> _THE TASK_
Transcribe each of the records below exactly, excluding all pictures.

> _Items from a data source_
- - - -
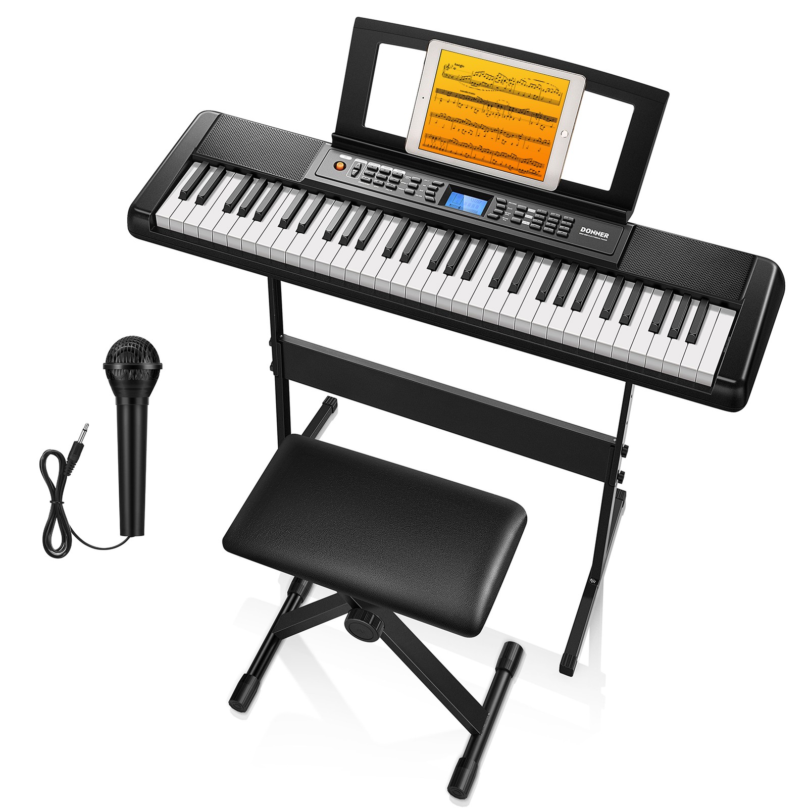 Donner Keyboard Piano 61 Key, Kit de clavier électrique avec 249 voix, 249 rythmes - Comprend un support de piano, un tabouret, un microphone, Cadeau pour les débutants, Noir(DEK-610S)
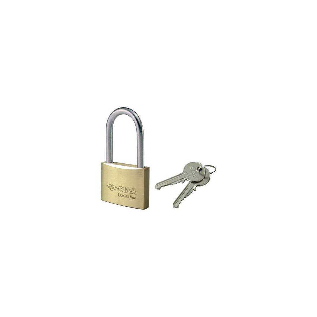 Corps monobloc en laiton satiné. Arc en acier carbonitruré nickelé. Double système de blocage de l'arc. Fourni avec 2 clés plates.
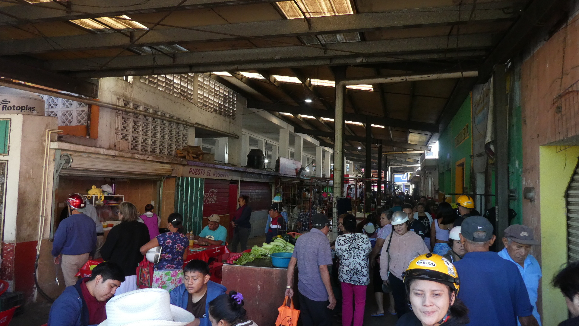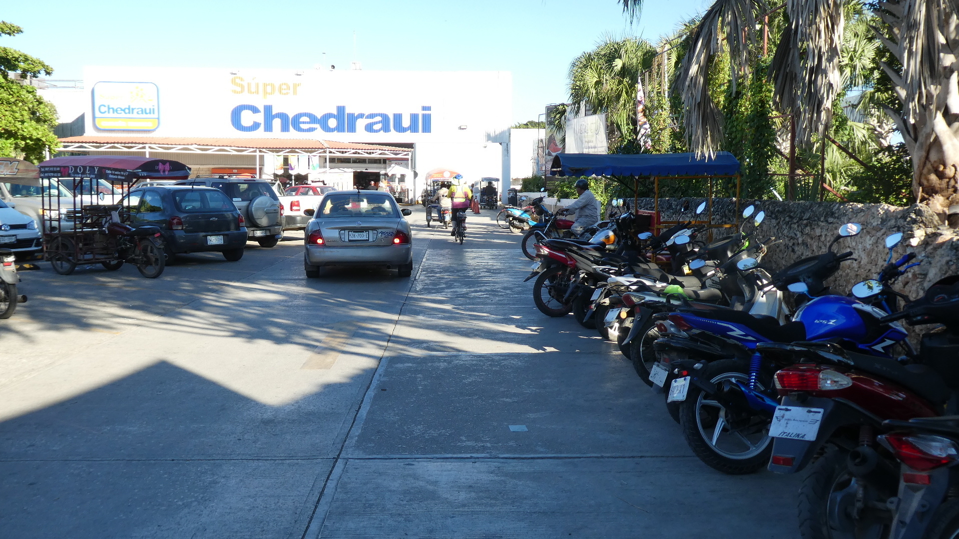 Just opposite the market building there is a Chedraui supermarket. We made this our first stop, and I got parked with the many motos, while Dodie went to see what was on offer.
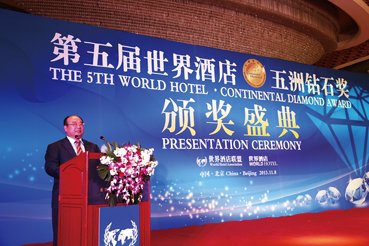 东方地毯集团有限公司销售总监何永玉在第五届世界酒店五洲钻石奖颁奖盛典上演讲
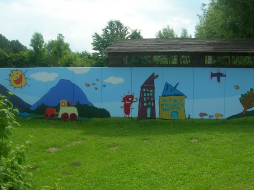 Unter fachkundiger Anleitung von Sebastian Bieler gestalteten die Kinder im Kinderdorf Steinbach in den letzten Wochen ein Wandbild am Ballplatz. Als Vorlage dienten unter anderem Bilder, die von Kinderdorfkindern in einem Malkurs entstanden sind. Das neue Wandbild setzt einen kräftigen und phantasievollen Farbakzent mitten im Kinderdorf.
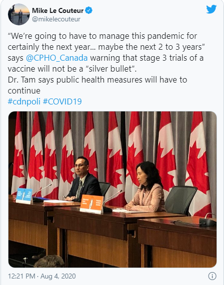 加拿大卫生官警告:有了新冠疫苗也回不到往常
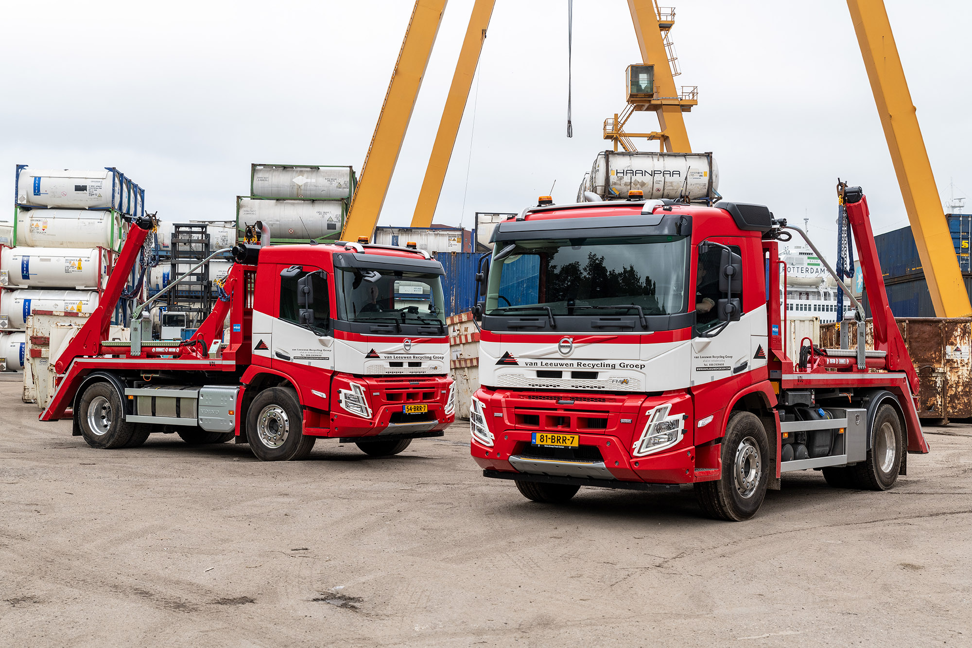 De nieuwe trucks worden ingezet voor Van Leeuwen Recycling Groep en Afvalcontainers Rijnmond, dat afvalcontainers verhuurt aan particulieren en bedrijven. Vanwege groei in werkzaamheden breidt Leo van Leeuwen, directeur-eigenaar van beide bedrijven, het wagenpark uit. Hij neemt dit jaar gefaseerd vijf Volvo FMX-trucks met 14-tons VDL-portaalarmsysteem in gebruik.
- - - -
> _ANSWER FOR THE TASK_
 Donner Keyboard Piano 61 Key, Kit de clavier électrique avec 249 voix, 249 rythmes - Comprend un support de piano, un tabouret, un microphone, Cadeau pour les débutants, Noir(DEK-610S)
 Corps monobloc en laiton satiné. Arc en acier carbonitruré nickelé. Double système de blocage de l'arc. Fourni avec 2 clés plates.
 Just opposite the market building there is a Chedraui supermarket. We made this our first stop, and I got parked with the many motos, while Dodie went to see what was on offer.
 东方地毯集团有限公司销售总监何永玉在第五届世界酒店五洲钻石奖颁奖盛典上演讲
 Unter fachkundiger Anleitung von Sebastian Bieler gestalteten die Kinder im Kinderdorf Steinbach in den letzten Wochen ein Wandbild am Ballplatz. Als Vorlage dienten unter anderem Bilder, die von Kinderdorfkindern in einem Malkurs entstanden sind. Das neue Wandbild setzt einen kräftigen und phantasievollen Farbakzent mitten im Kinderdorf.
 加拿大卫生官警告:有了新冠疫苗也回不到往常
 De nieuwe trucks worden ingezet voor Van Leeuwen Recycling Groep en Afvalcontainers Rijnmond, dat afvalcontainers verhuurt aan particulieren en bedrijven. Vanwege groei in werkzaamheden breidt Leo van Leeuwen, directeur-eigenaar van beide bedrijven, het wagenpark uit. Hij neemt dit jaar gefaseerd vijf Volvo FMX-trucks met 14-tons VDL-portaalarmsysteem in gebruik.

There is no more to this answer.